Principle:Run llama Llama index Finetuning Job Launch
Overview
Finetuning Job Launch is the step in the LLM finetuning workflow where validated training data is uploaded to the OpenAI platform and a finetuning job is created. This process bridges the gap between local data preparation and cloud-based model training. LlamaIndex's OpenAIFinetuneEngine encapsulates the entire launch sequence -- validation, file upload, and job creation -- into a single finetune() call, abstracting away the multi-step OpenAI API interaction.
The finetuning engine follows the engine pattern common in LlamaIndex, where a stateful object manages the lifecycle of an asynchronous operation. Once configured with a base model and data path, the engine handles all API communication, retry logic, and state tracking internally.
OpenAI Finetuning API Flow
Launching a finetuning job involves three sequential API interactions:
| Step | API Call | Purpose |
|---|---|---|
| 1 | client.files.create(file, purpose="fine-tune") |
Upload the JSONL training file to OpenAI's servers |
| 2 | Wait for file processing | OpenAI processes and validates the uploaded file |
| 3 | client.fine_tuning.jobs.create(training_file, model) |
Create the finetuning job using the uploaded file and base model |
The file upload returns a file ID that is then referenced when creating the finetuning job. There can be a delay between upload completion and the file being ready for use, which the engine handles with automatic retry logic.
Base Model Selection
The base_model parameter determines which pretrained model serves as the starting point for finetuning:
- gpt-3.5-turbo: The most common choice for finetuning; cost-effective and fast to train
- gpt-4o-mini: A smaller GPT-4 variant available for finetuning
- Custom model IDs: Previously finetuned models can be further refined through iterative finetuning
The choice of base model affects training cost, inference cost, and the quality ceiling of the finetuned model.
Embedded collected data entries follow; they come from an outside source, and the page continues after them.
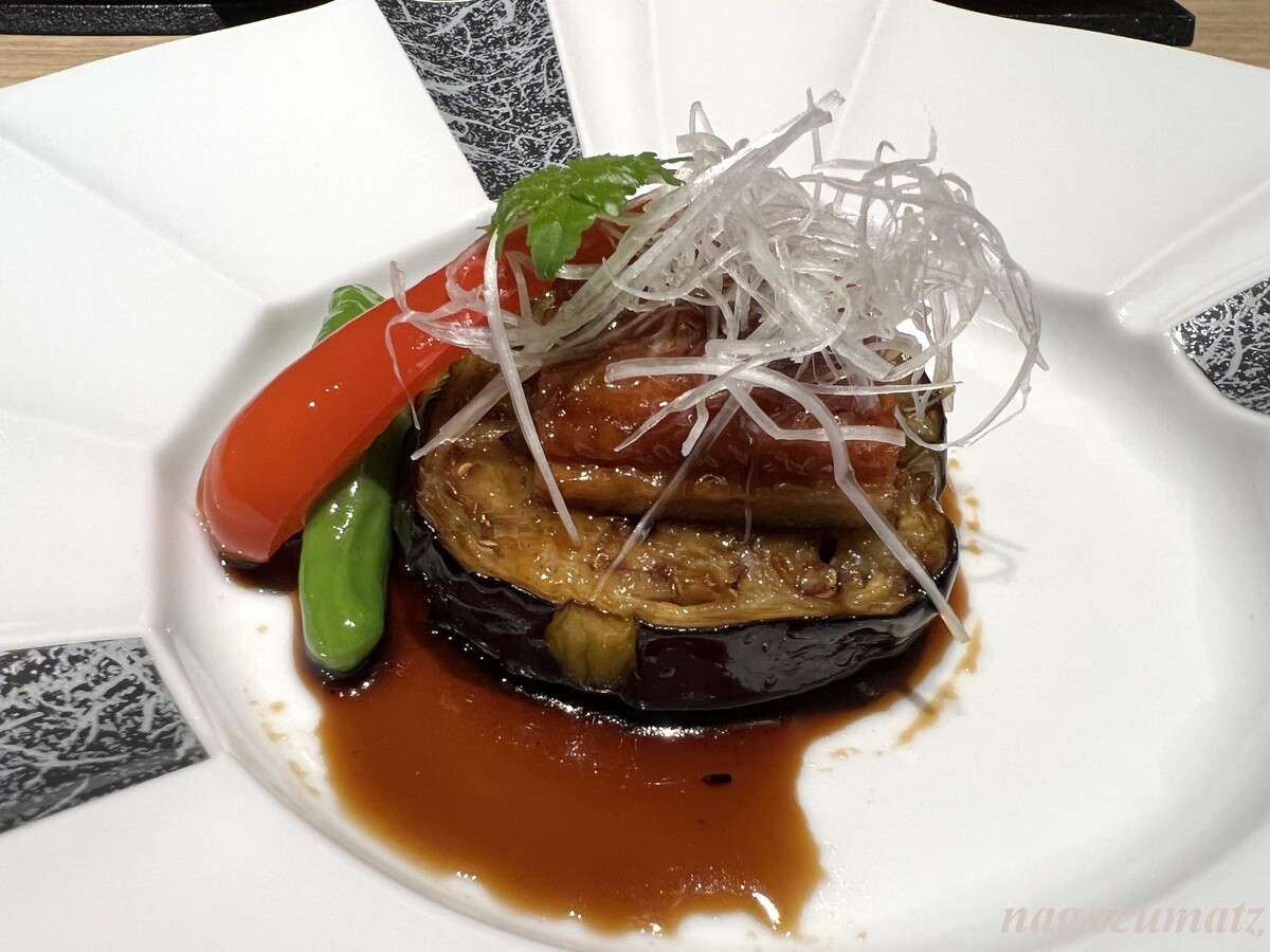 温の物 米茄子ステーキの鰻のせ 青唐辛子、パプリカなどが付く。結構しっかりした味付けかな。
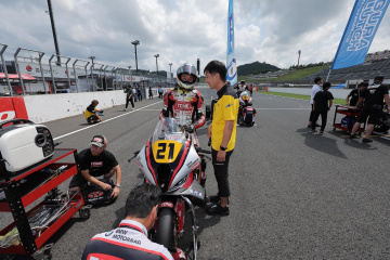 日曜日は午前中から雨予報とされたが、雲が多いものの、雨が降りそうな気配はない。ウォームアップ走行が始まる8時半のコンディションは、気温28度、路面温度は35度(いずれも手元計測)と、前日までの暑さではない。20分間のこのセッションで長島選手は順調にタイムを上げ、1'49.293で5番手に付けた。
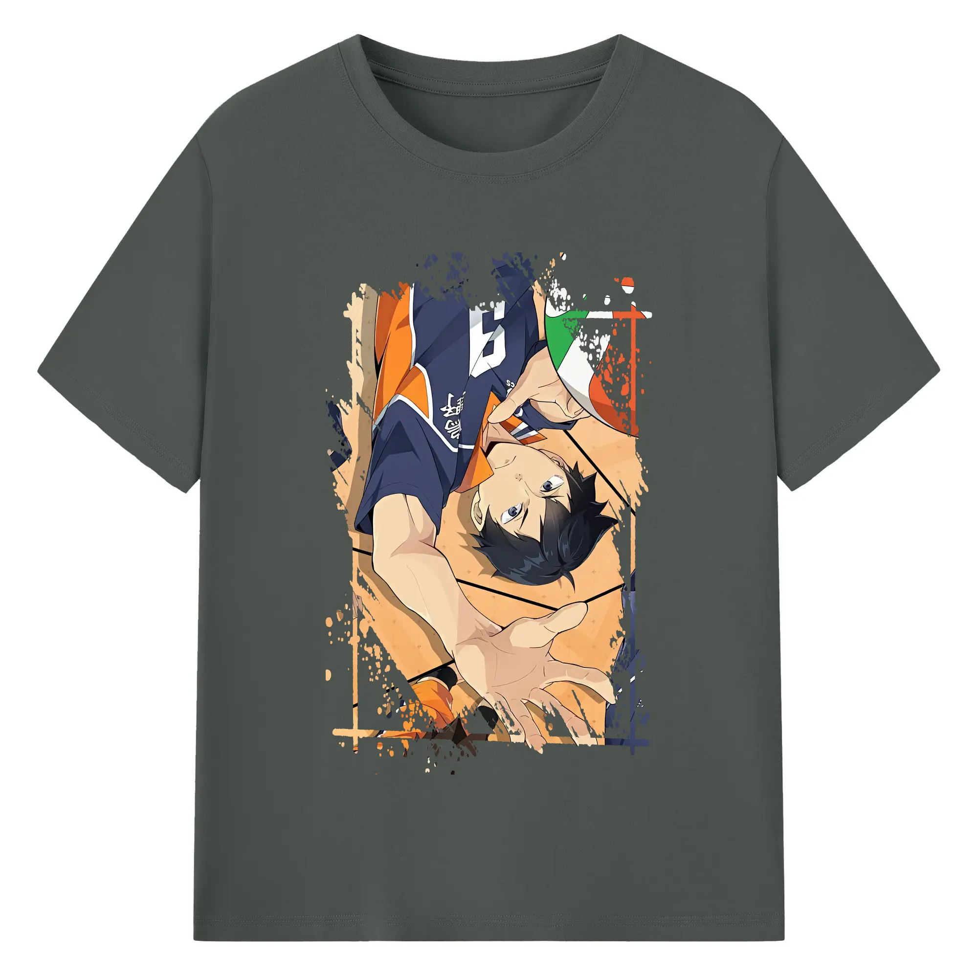 ハイキュー!! グッズ,影山飛雄 - 綿100% ヴィンテージ風 半袖Tシャツ ・ フロントプリント ・ 柔らか肌触り ・ 通気性 快適 ・ スポーツ カジュアル 外出用
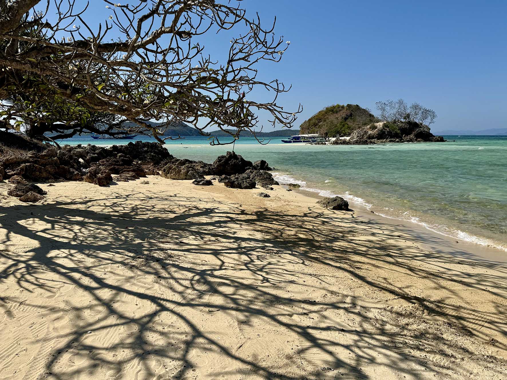 IMG_4055BranchShadows Published July 9, 2024 at 1772 × 1329 in Two Seasons Coron Island Resort, Palawan Islands View of the tiny Bulog Dos Island from our east facing beach, Two Seasons Coron Island Resort, Palawans, Philippines
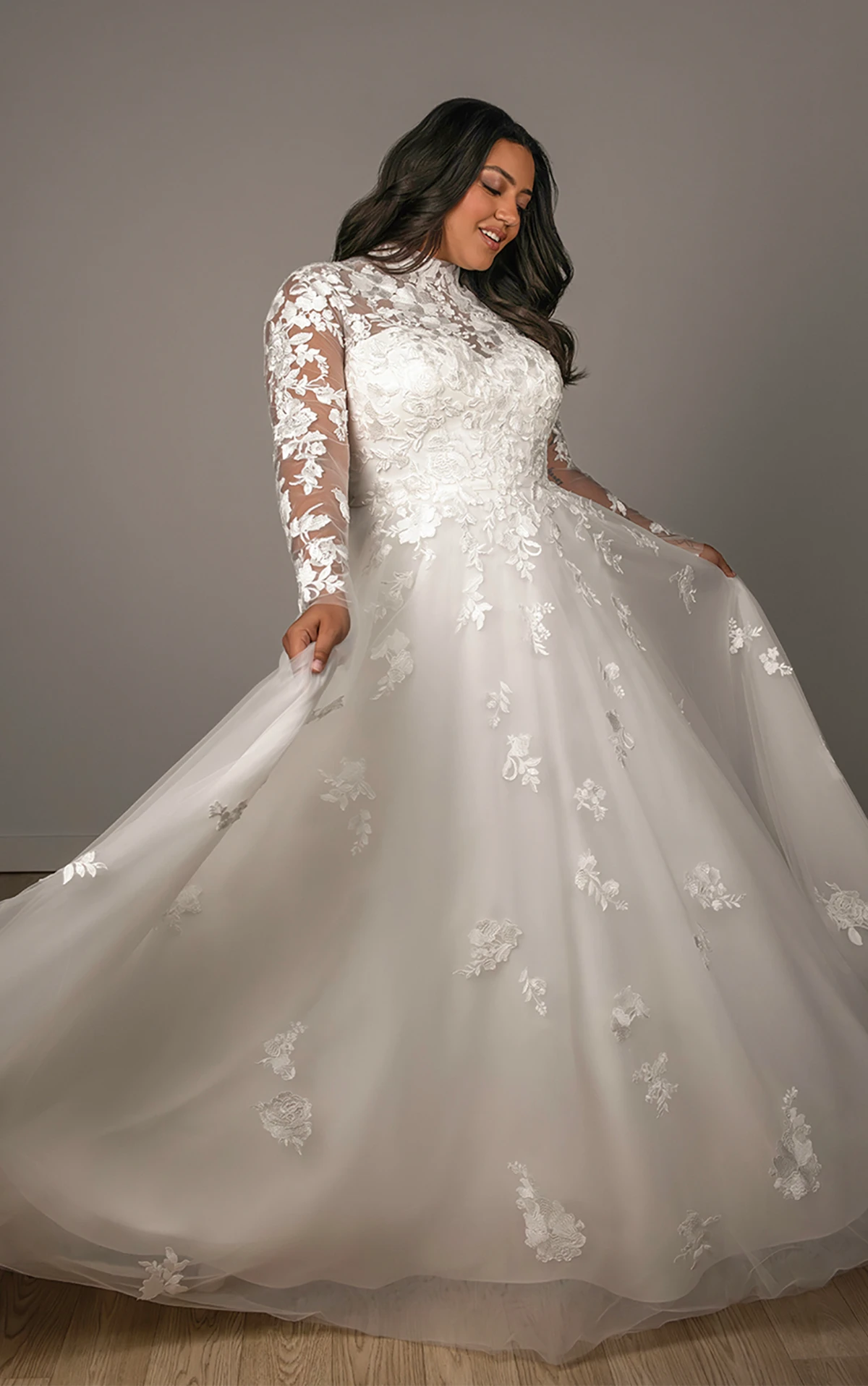 A timeless vision of bridal beauty with a modern twist, this breathtaking ballgown radiates romance. Intricate mixed floral lace creates a one-of-a-kind design, shaping a high neckline and sheer bodice that seamlessly blend classic elegance with contemporary allure. Cascading lace trails down the voluminous skirt, crafted from layers of tulle and organza for a soft yet full effect. A delicate keyhole back, framed by floating lace elements completes the look.
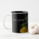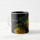 Girassóis e folha verde. Fundo preto. "Tenha texto de um grande dia" no lado da caneca.

A common pattern is to use GPT-4 as the teacher to generate training data and GPT-3.5-turbo as the student base model for finetuning, achieving near-GPT-4 quality at GPT-3.5 cost.
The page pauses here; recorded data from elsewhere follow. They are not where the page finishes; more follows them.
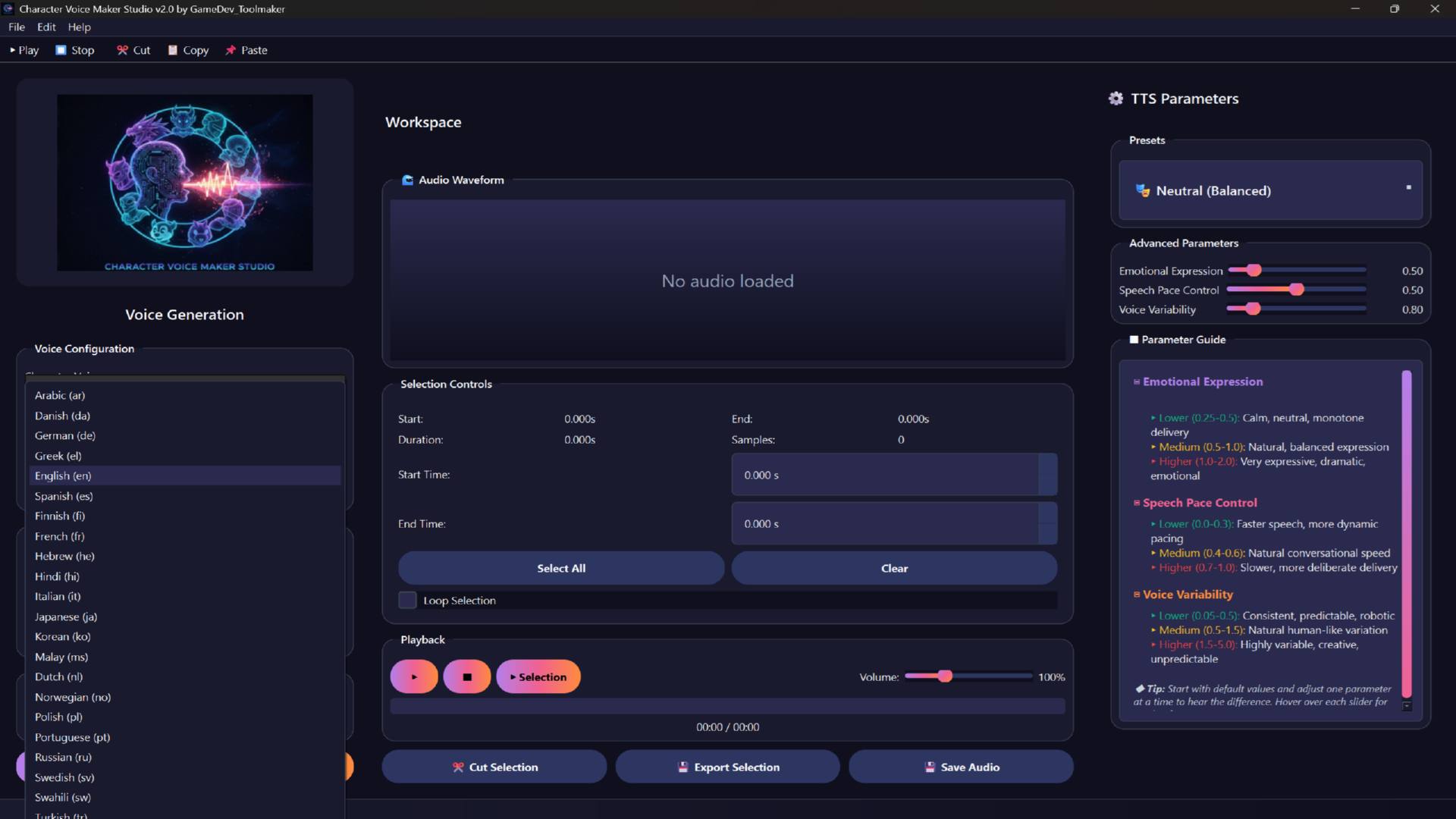 text-to-speech, TTS, voice synthesis, character voice, audio interpolation, game development audio, voice acting software, speech synthesis, game audio, multilingual TTS, emotional voice, voice maker, audio production, video production, podcast voices, audiobook narrator, NPC dialogue, voice generator, text to audio, voice creator, voiceover software, dialogue generator, game voiceover, indie game audio, content creation
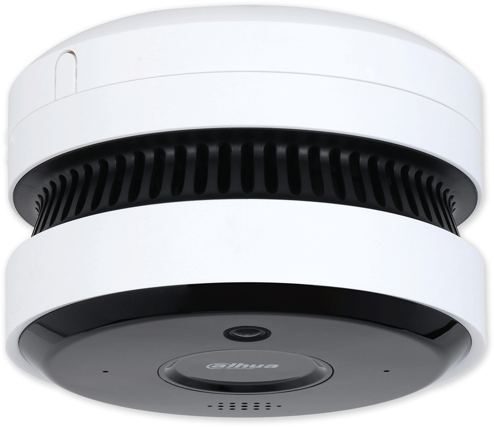 Opticko-kouřový požární detektor PoE napájení nebo 12VDC, vestavěná siréna LED signalizace. Optická detekce kouře je založena na principu vniknutí kouře do komory, která je prosvětlována IR diodou. Na přítomnost kouře reaguje detektor svitem LED diody, aktivace sirény. Doplněn vnitřní IP kamerou (úhel 144°), WDR. Inteligentní detekce požáru, kouře, SMD detekce pohybu, kategorizace, další detekce.
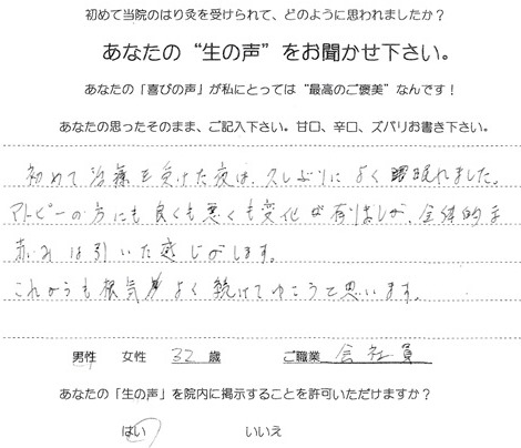 初めて、治療を受けた夜は久しぶりによく眠れました。
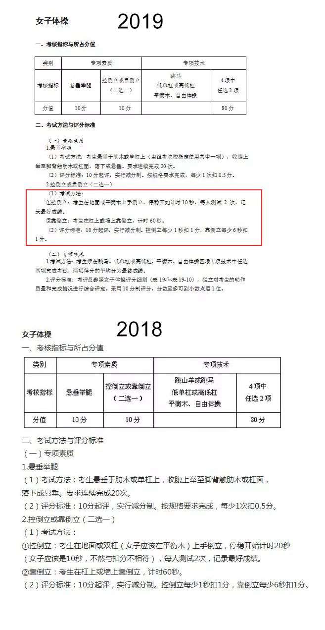 2019年《评分标准》与2018年相比,部分项目有所改动,请各位体育生注意。这里通过体操和滑水两个项目的变化对比,简单了解一下。
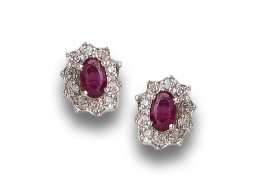 PENDIENTES ROSETONES DE RUBÍES Y DIAMANTES, EN ORO BLANCO
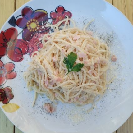Espagueti bañado en salsa de crema casera y tocino al vino blanco con queso tipo Chihuahua por encima.
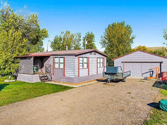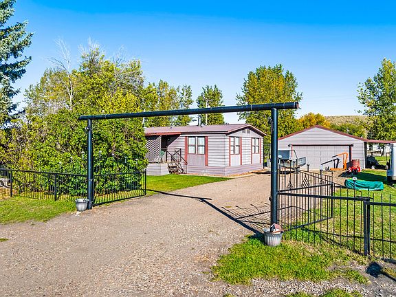 SMALL TOWN LIVING just minutes from Great Falls! This 3 bedroom, 2 bathroom 1977 mobile is on 3 well-manicured lots in Tracy with mature trees, underground sprinklers and a custom steel fence surrounding the perimeter of the property. Spread out in the home's 2 living spaces, one with a pellet stove to keep you toasty warm! Primary bedroom has ample closet space and an ensuite to include a garden tub. 2 additional bedrooms and a full bathroom available. Access your enclosed porch from sliding doors to enjoy a large entertainment area with a hot tub and indoor pond with water feature. Outdoor patio area connects to large 2-car garage with attached lean-to carport and rear storage shed giving storage for toys and tools! Less than 10 minutes from east end of Great Falls and MAFB lending convenience to a country lifestyle. Contact Jessie Robinson at 406.781.2835 or your real estate professional.

Engine Construction Patterns
LlamaIndex provides two ways to construct the finetuning engine:
Direct Construction
When you already have a JSONL training file on disk:
from llama_index.finetuning import OpenAIFinetuneEngine
engine = OpenAIFinetuneEngine(
base_model="gpt-3.5-turbo",
data_path="training_data.jsonl",
verbose=True,
validate_json=True,
)
engine.finetune()
From Finetuning Handler
When collecting data from live pipeline interactions, the handler can directly feed into the engine:
from llama_index.finetuning import OpenAIFinetuneEngine
engine = OpenAIFinetuneEngine.from_finetuning_handler(
finetuning_handler=finetuning_handler,
base_model="gpt-3.5-turbo",
data_path="training_data.jsonl",
)
engine.finetune()
This classmethod first calls save_finetuning_events(data_path) on the handler, then constructs the engine with the saved file path.
Retry Logic
The job creation step includes built-in retry logic for handling the common case where the uploaded file is not yet processed:
while True:
try:
job_output = client.fine_tuning.jobs.create(
training_file=output.id, model=self.base_model
)
break
except openai.BadRequestError:
print("Waiting for file to be ready...")
time.sleep(60)
This retry loop sleeps for 60 seconds between attempts, waiting for OpenAI to finish processing the uploaded file.
Resuming Existing Jobs
The engine supports reconnecting to a previously launched job via the start_job_id parameter:
engine = OpenAIFinetuneEngine(
base_model="gpt-3.5-turbo",
data_path="training_data.jsonl",
start_job_id="ftjob-abc123",
)
# Can now call get_current_job() and get_finetuned_model() without calling finetune()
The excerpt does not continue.